ガレとジャポニズム

080406galle1.jpg080406galle01.jpgサントリー美術館に、ガレとジャポニズムを見に行きました。
先日のロートレック展に続き、二度目のサントリー美術館。

ロートレック展では赤や青の内装が華やかでしたが、今回は黒でシックにまとめられた中に陳列されたガラスケースが、それだけでも美しく、静謐な美しさを感じました。

ガレの展示と言えば、実はもうわたしは何度も脚を運んで、彼の「間違ってナンシーに生まれてしまった日本人」と言われる所以なども、もうすっかり身に染み付いているのですが、今回の展示の素敵なところは、今までガレが日本のモチーフに大きな影響を受けているとはされていながらも
「いったいどれに?」
と言う疑問を、全部解決しながら鑑賞できるという点です。

今回の発見は、ガレのモチーフに蜻蛉が多いと言うこと。
「カゲロウ?」
と読んでしまいました。
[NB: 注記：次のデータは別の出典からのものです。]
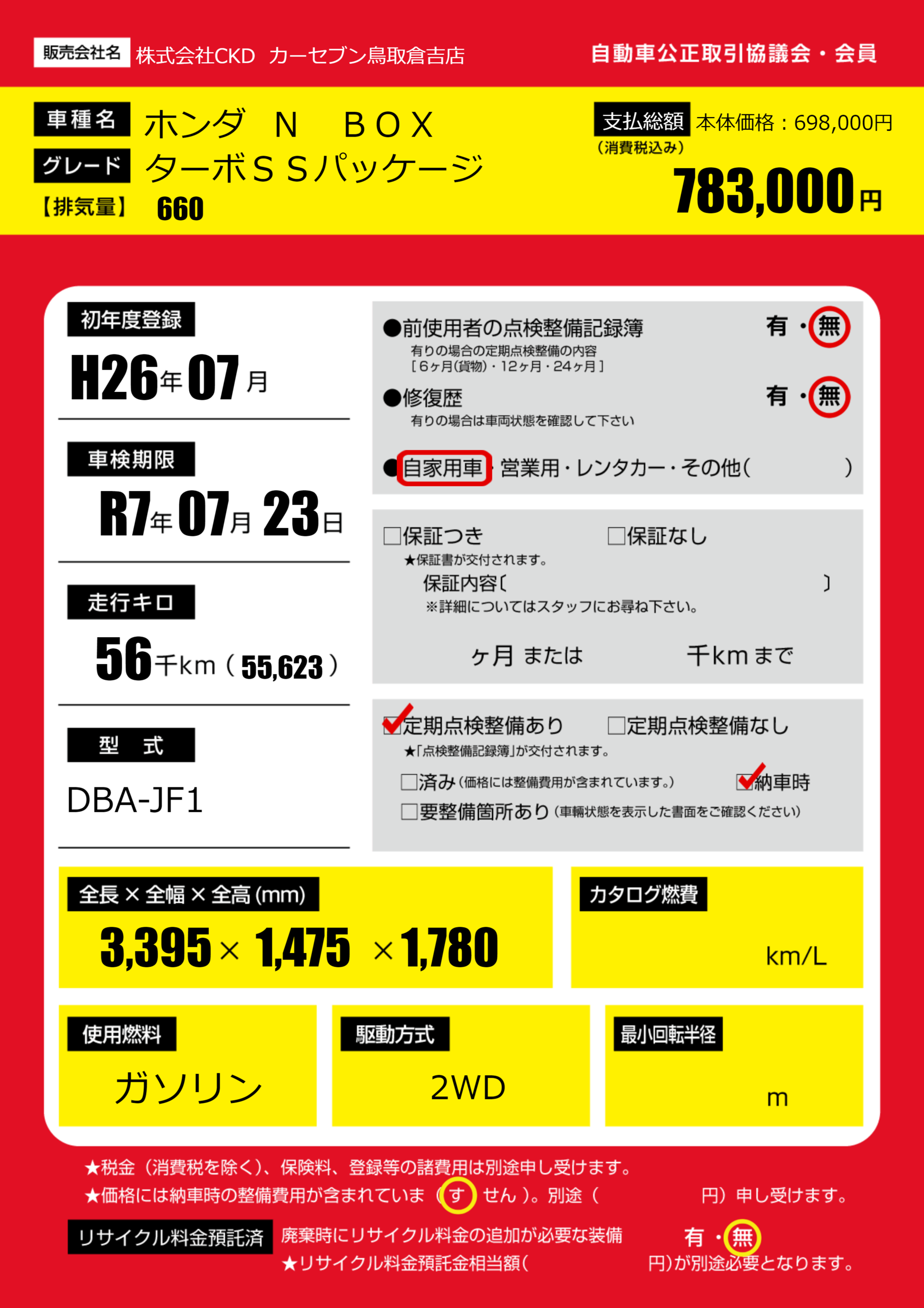 | 車名 | ホンダ N BOX | グレード ミッション 排気量 |

トンボでした。

カゲロウも出てきて、蜉蝣だよーと、笑われましたが、今変換してみて、カゲロウは、蜻蛉と書く・・・書くじゃん!!

ありえない!トンボとカゲロウが同じ漢字だなんて!

知ってます?古代のトンボは人間より大きかったんですよ。上野の科学博物館で模型見るとぶっ飛びますよ。目玉がでかくて、超怖いですよ。

それと、あの弱弱しいカゲロウが、同じ漢字だなんて〜〜〜!!

てか、間違って無いじゃん、わたし!!    


            


080406galle2.jpg実はこの展示、ものすごく混んでいると聞いていて、戦々恐々としながら出かけたんですが、午後2時ごろ到着しても、それほどストレスを感じることなく鑑賞できました。

この日4月6日(日)はいろんな展示の最終日だったので、(上野のルーブル展とか。→わたしは行きませんでした。チャイナペイントをやっていた頃は、嫌と言うほど見たので)みんなそっちに流れたのかな。
わたしが先週見に行ったカバコフやその前の週の永井荷風も、みんなこの日が最終日でした。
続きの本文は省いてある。